Hackaday Prize Entry: Personal Guardian Keeps An Eye Out

The Personal Guardian is a wearable tracking and monitoring device intended to help vulnerable people. The project goal is to allow these patients as much independence and activity as possible without a caregiver needing to be present. Wearing a sensor package might allow a memory care patient (for instance) greater freedom to wander.

The device consists of an Arduino 101 development board with a GSM shield that it uses to send SMS messages to the caregiver — for instance, if the accelerometer shows the patient fell over, or moved beyond certain GPS coordinates. Furthermore, the care-giver can monitor the device to determine the device’s status, and sees the patient’s heart rate thanks to a BLE sensor strap.

The patient can also press a panic button or toggle through a series pre-set SMS messages. In terms of complexity, the project’s creator [Ray Lynch] intended the interface to be simpler than a smart phone.

14 thoughts on “Hackaday Prize Entry: Personal Guardian Keeps An Eye Out

  1. The prototype looks to be a little on the bulky side, but a good first start.

    I guess the next step now is to port the code to a smaller and more readily available dev board. If they’ve done the job right, it won’t matter that it was originally coded for the Intel Curie as the Arduino HAL should allow it to move across to something ARM or AVR based fairly easily.

      1. Not quite… most of the telcos in this country claim coverage of over 90% of the population… Lora doesn’t.

        A Lora radio on its own does not make a comms link. The GSM network isn’t infallable but it will work in more places, more often, than Lora without special prior arrangement.

        I would suggest Lora in addition to GSM. When Lora nodes are detected, it can shut down GSM and save batteries by using Lora.

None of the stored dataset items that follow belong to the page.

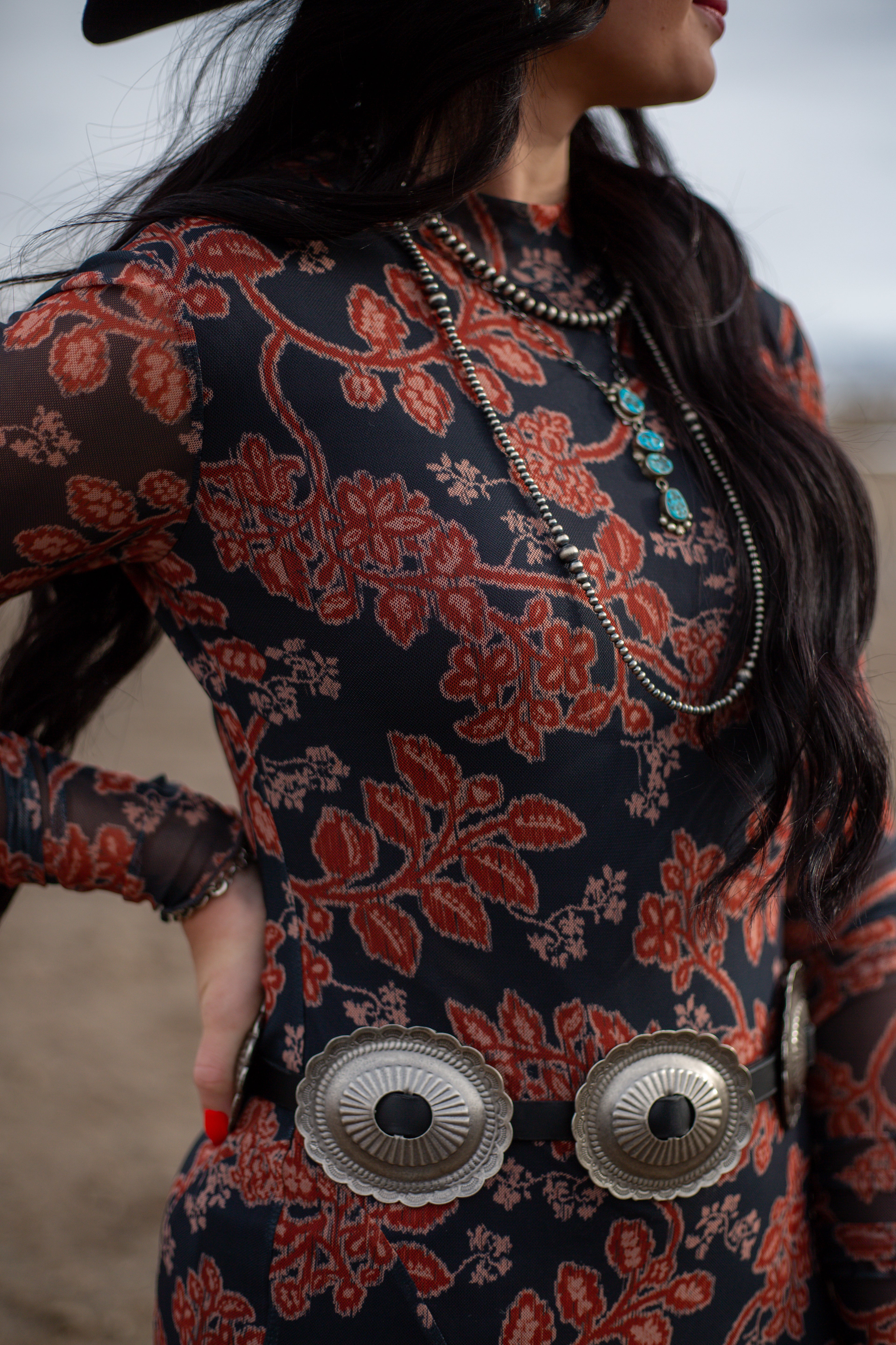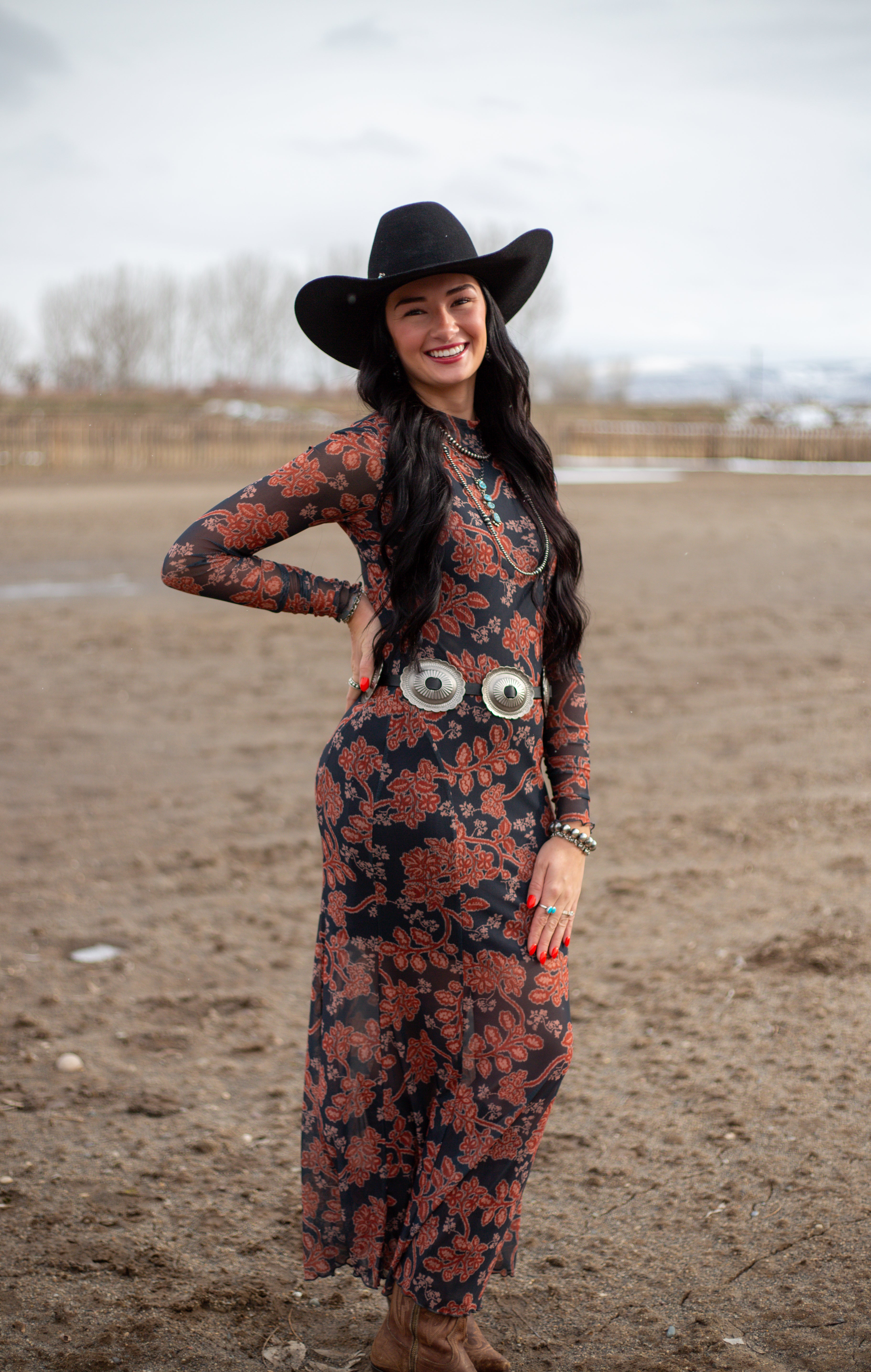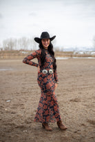 Romantic with a bold, western-inspired edge, The Veronica Maxi Dress is designed to make a statement. Crafted from ornate floral-print mesh, this ankle-length silhouette features a flattering fitted shape that moves beautifully with you. A mock neckline and long sleeves with thumbhole cuffs add a modern touch, while delicate lettuce-edge detailing at the cuffs and hem enhances its feminine charm. Finished with a subtle keyhole back and button closure, this dress is fully lined with a sleeveless, thigh-length lining for comfortable coverage without sacrificing style.
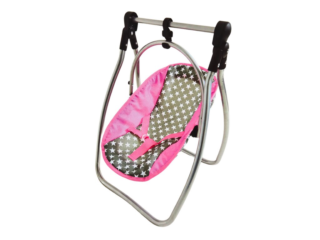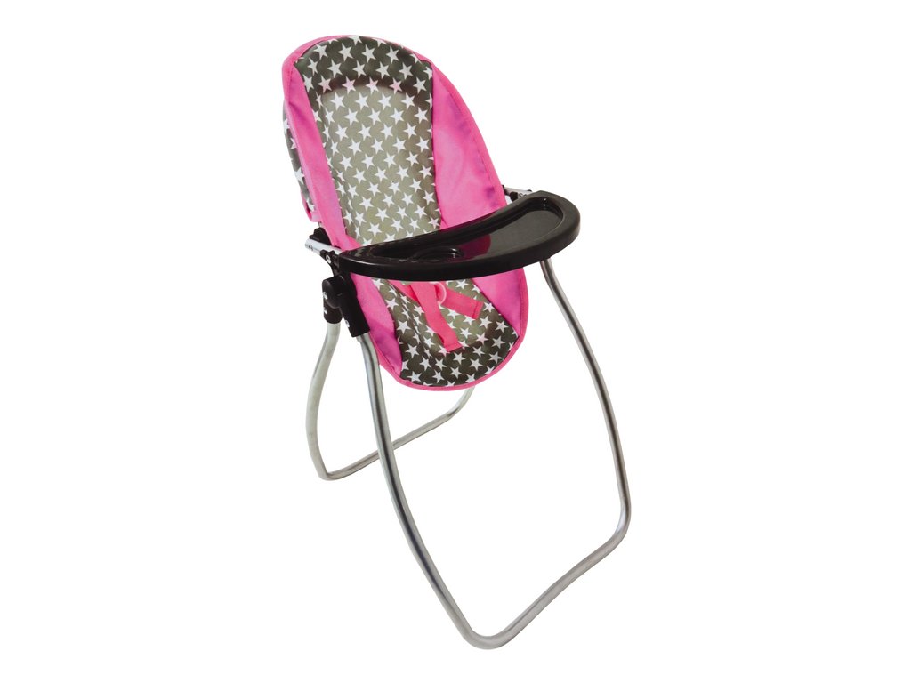 A szék stabil lábai alumíniumból készültek. A játék kétféleképpen használható hintaként és etetőszékként. A szürke, fehér csillagokkal díszített anyag oldalán rózsaszín csíkok találhatók. Az illesztések fekete műanyagból készülnek. Az olyan tulajdonságok, mint a gondoskodás és az odafigyelés, csak néhány a gyermeke által megszerzett tulajdonságok közül. Azt is megtanulják, hogyan kell gondoskodni egy kisgyermekről.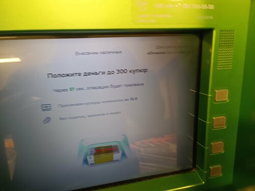 Работает на прием и выдачу денег. Принимает до 300 купюр за один раз, это много. Расположен у входа в магазин Дикси, можно в сам магазин не заходить. Но народу всегда много, банкомат популярен, поэтому если нужно выполнить несколько операций, лучше подгатывать на "мертвые часы"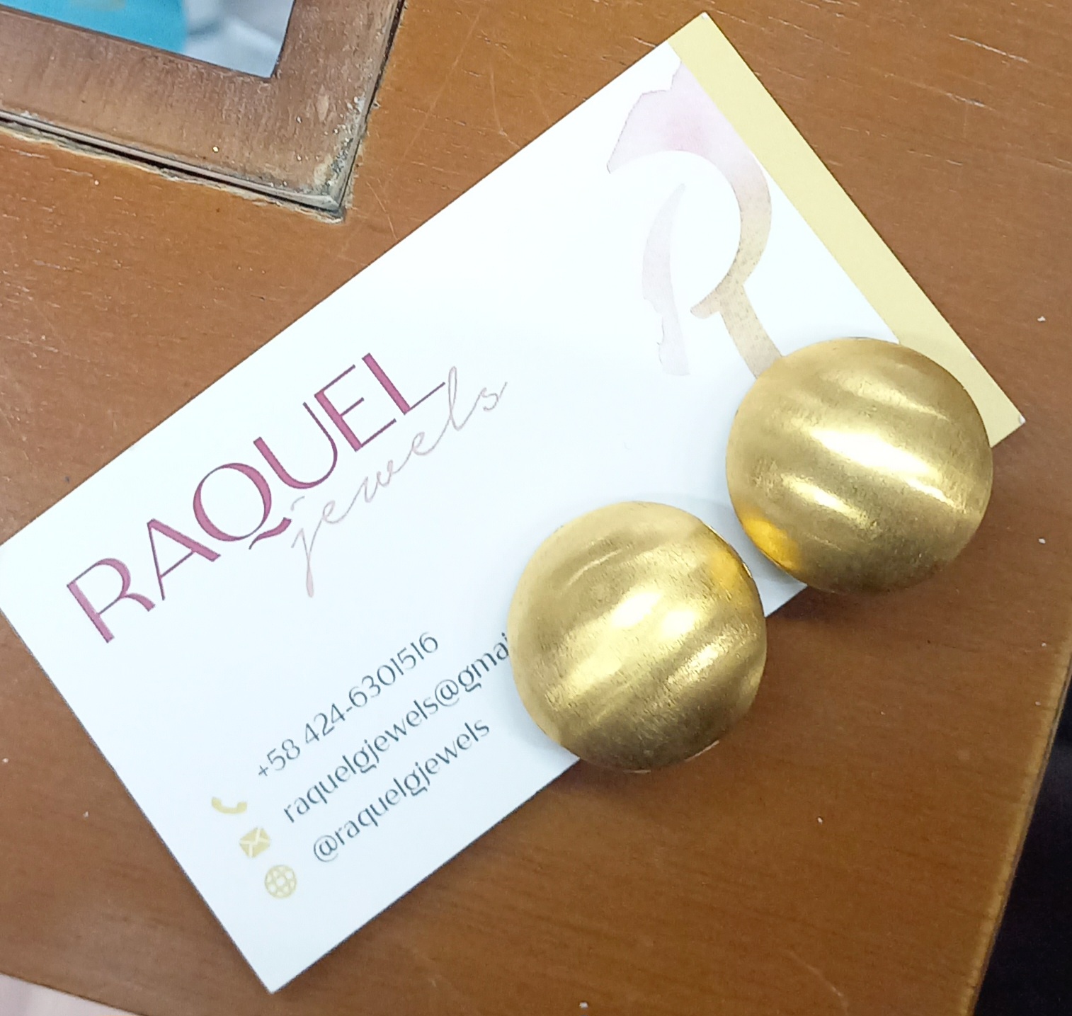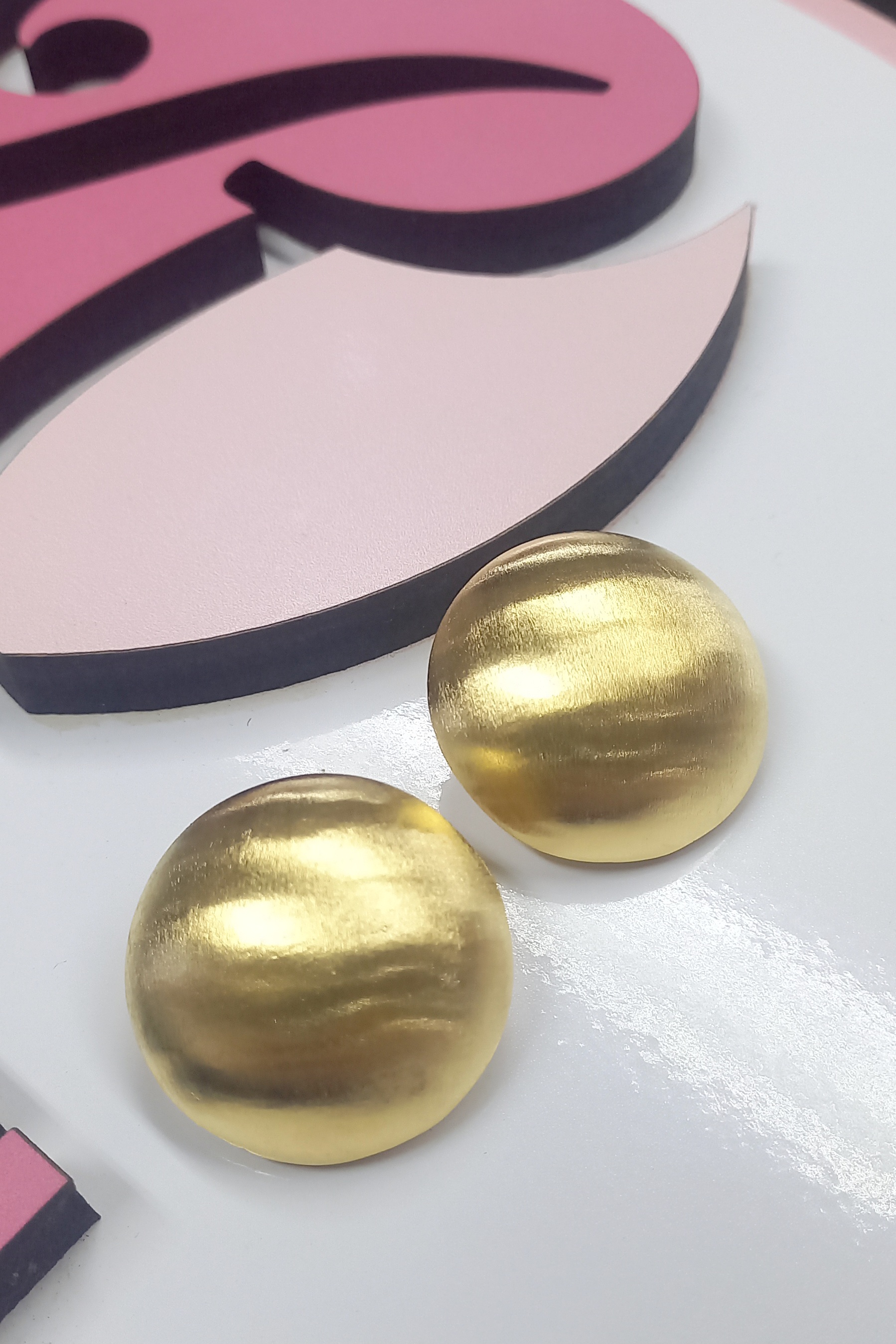 Zarcillos tipo domo con baño de oro24k con cierre de click (a presion), ideal para quienes no usen cierre tipo argolla.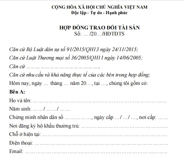 HỢP ĐỒNG TRAO ĐỔI TÀI SẢN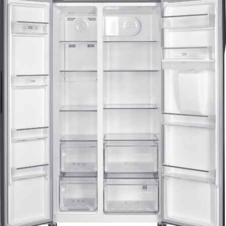 Beko GNO5322WDXPN. Apparaatplaatsing: Vrijstaand, Productontwerp: Amerikaanse deur, Kleur van het product: Roestvrijstaal. Totale nettocapaciteit: 532 l, Klimaatklasse: SN-ST, Geluidsemissieklasse: C. Nettocapaciteit koelkast: 344 l. Nettocapaciteit vriezer: 185 l, Vriezer positie: Ernaast, Vriescapaciteit: 14 kg/24u. Energie-efficiëntieklasse: E, Jaarlijks energieverbruik: 312 kWu, Energie-efficiëntieschaal: A tot G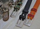Různé šířky opasků (podle příležitosti - k obleku, k šatům nebo na volný čas). Mnoho různých provedení - neobšité nebo obšité, jednoduché nebo dvojité, jedno- i vícebarevné, vše záleží jen na vás! - Spony - mosazné nebo nerezové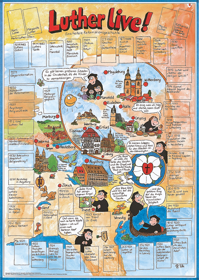 Luther live erleben ganz einfach: Das Einzelposter, gestaltet von Werner Tiki Küstenmacher, vermittelt zentrale Figuren und Stationen der Reformationsgeschichte auf kreative Weise – ideal für den Einsatz im Unterricht, Gemeinderaum oder Kinderzimmer.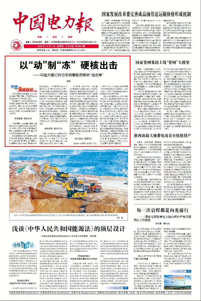 2024年12月5日中國電力報第8813期 第一版 頭版

When Lora is out of range, it goes looking for GSM. There’s a reason I go cycling with both a 4G mobile phone and a (actually two, a mobile station and a hand-held) multi-band radio transceivers.

    1. Modern GPS receivers do work decently well indoors depending on the building construction/design. GPS receivers have come a long, long way from the late 90’s early 2000’s when you had to have a clear view of the sky to get a decent fix. I had a Garmin receiver that would struggle to get a power-on lock sitting on a windowsill. Now I have an activity tracking watch that takes ~15 seconds to get a GPS lock inside my house.

  2. http://www.ebay.com.au/itm/Mini-Global-Locator-Real-Time-Car-Kids-Pet-Tracker-GSM-GPRS-GPS-Tracking-Device-/122259887751

    There’s an emergency sequence when you press the button on it to send a predefined message, a MCU soldered to the button legs with a sensor axis or tilt etc rehouse in new shell win

    Run a little server with rooted android phone that can poll via sms, so those with area restrictions are polled more frequently the closer to a boundary they get some using average walk distance etc.

    Any old box with Linux USB and 1 network port and a rooted cheap android phone for SMS ADB for polling the devices it has a microphone which can be called to hear what’s going on also.

    It’s a pretty nifty thing though mic gets muffled if in pocket.

  3. What is a “memory care” patient? Is this word the newest creation of political-correctness fanatics, an euphemism, perhaps for dementia (Alzheimers disease), like using “special..something” instead of “disabled”?
    Why do some people continuously invent new euphemisms?